Far-right AfD becomes second-biggest party in two eastern German states

Alternative for Germany (AfD) top candidate for the Brandenburg election Andreas Kalbitz reacts for the first exit polls for the Brandenburg state election in Werder, Germany, September 1, 2019.     REUTERS/Axel Schmidt
Alternative for Germany (AfD) top candidate for the Brandenburg election Andreas Kalbitz reacts for the first exit polls in the state election September 1, 2019. Credit: Reuters/Axel Schmidt

Far-right Alternative for Germany (AfD) is now the second-largest party in the eastern states of Saxony and Brandenburg after Germans voted in state elections on Sunday.

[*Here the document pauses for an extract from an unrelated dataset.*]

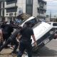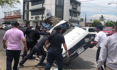 Volcado sobre el costado izquierdo y casi en sentido opuesto terminó una camioneta repartidora de agua momentos después de ser chocada por una camioneta Chevrolet Trax...

While centrist parties still won in both states, the surge in support for the anti-immigrant AfD reflects a fracturing political landscape and a country far from immune to the populist waves that have swept the US, Britain, and other European countries.

In Brandenburg, the state that surrounds the capital Berlin, the Social Democrats (SPD) took 26%, the AfD 23.5%, and chancellor Angela Merkel’s party, the Christian Democrats (CDU), just 15.7%.

The CDU did much better in Saxony, with over 32% of the vote. The AfD came in at 27.8% and the SPD scraped under 8%. It is highly unlikely that any of the mainstream parties will enter a coalition with the AfD, which will make the process of forming state governments

The Greens, who have traditionally not had a lot of support in the formerly Communist east of the country, grabbed 8.2% in Saxony and over 10% in Brandenburg, reflecting their growing popularity in Germany as a whole.

While German president Walter Steinmeier asked for forgiveness on behalf of Germany at a remembrance ceremony to mark the 80th anniversary of the Nazi invasion of Poland, voters in Saxony and Brandenburg expressed their discontent with the government; the results are likely to send tremors through the federal government in Berlin.

It could reignite calls for the Social Democrats to pull out of the loveless coalition with chancellor’s CDU, something that has been predicted countless times. This would leave the CDU in a minority government or trigger elections before 2021.

Stoking discontent

(From L) Top candidate in Brandenburg of the far-right AfD party Andreas Kalbitz and top candidate in Brandenburg for the conservative CDU party Ingo Senftleben take part in a TV show at the German channel ARD.  Photo: CHRISTOPH SOEDER/AFP/Getty Images
(From L) Top candidate in Brandenburg of the far-right AfD party Andreas Kalbitz and top candidate in Brandenburg for the conservative CDU party Ingo Senftleben take part in a TV show at the German channel ARD. Photo: CHRISTOPH SOEDER/AFP/Getty Images

The far-right party’s results were not a huge surprise — some mid-August polls even put it ahead of the CDU.

The AfD has exploited unhappiness and resentment in the former East German states, where unemployment and poverty is higher than elsewhere in the country and many feel they have not reaped the benefits of the strong economy. These feelings of being “second-class citizens” have helped the AfD gain ground. During the 2017 general election they capitalised on anti-refugee sentiment, now, more recently, on Germany’s pledge to exit coal mining by 2038 — Saxony is a major lignite miner.

For the state election in Brandenburg, the AfD’s campaign focused on the fall of the Berlin Wall 30 years ago, when East Germany went from being Communist to being a liberal democracy, a period called the “Wende” (change) in German. The party urged voters to “complete the Wende” of 1989 and seize control of their political destiny again, carrying echoes of both the pro-Brexit campaigns in Britain, and Trump’s “Make America Great Again.”

Andreas Kalbitz, the AfD’s top candidate in Brandenburg and a member of its extreme wing “Flügel,” told journalists in Berlin in August that people in eastern states “have never forgotten that big cars came from the West with people who then closed businesses.”

Kalbitz has had ties with a number of extremist groups and projects in the past. Der Spiegel magazine reported last week that he had attended a neo-Nazi march in Athens in 2007, and stayed in a hotel with German far-right extremists, including former National Democratic Party of Germany leader Udo Voigt. Kalbitz admitted to being at the rally, but denied he was part of the NPD delegation.